Ces deux mondes – celui du Brésil et celui de la géopolitique et de la géoéconomie de plus en plus chaudes du monde – forment, dans leur totalité contradictoire et dans les interactions complexes et sombres de leurs nombreux éléments, la mer noire dans laquelle, dûment commandés par Lula, nous naviguerons à travers quatre années. Sachant, nous tous, que nombreux sont les monstres qui se cachent et se manifestent à la fois dans le plan interne et dans le monde.
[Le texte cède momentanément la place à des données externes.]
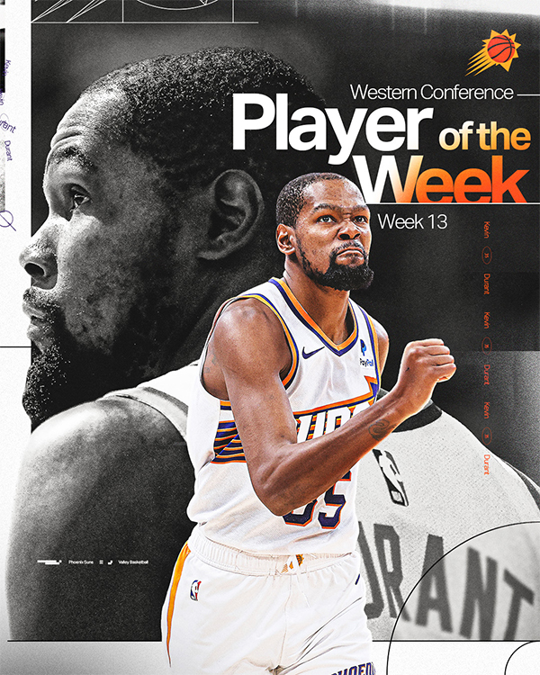 杜兰特本赛季首次获得西部周最佳,太阳生涯首次获此殊荣,这也是杜兰特生涯第32次获得周最佳,为NBA历史第三多;仅次于詹姆斯(67次)和科比(33次),太阳官方祝贺杜兰特。

Sachant, nous tous, que le cours du monde restera mortellement indéfini pendant des décennies encore.
Rappelant l'expression surprenante utilisée par Lula lors de la réunion de São Gonçalo, nous avons besoin de beaucoup de "main de Dieu", c'est-à-dire si nous sommes monothéistes ou si nous sommes prêts à penser la politique, la politique, la conjoncture et l'histoire immédiate avec le langage de la religiosité populaire est toujours un peu naïf. Mais, justement parce que la naïveté ne nous mènera nulle part ailleurs qu'au désastre annoncé, je préfère, je l'avoue, faire beaucoup plus confiance aux mains de Lula.
Même pour une raison simple : nous n'avons pas de barreur comparable à lui. Ciro, Ciro, Ciro, disent certains. Mais Cyrus, dans ce registre aussi, oscille comme l'axe du monde lorsqu'il est touché par la main de Dieu. Sauf que, dans le cas de Ciro, c'est lui qui oscille, touché par ses propres mains spirituelles ou par des ondes cérébrales un peu étranges, entre le pathétique et le ridicule.
Comme dans la bannière qui se balance sur la place déserte où ne souffle que le vent, la scène finale de la dernière heure de Stanley Kramer : "Il est encore temps, frères."
* Tadeu Valadares est un ambassadeur à la retraite.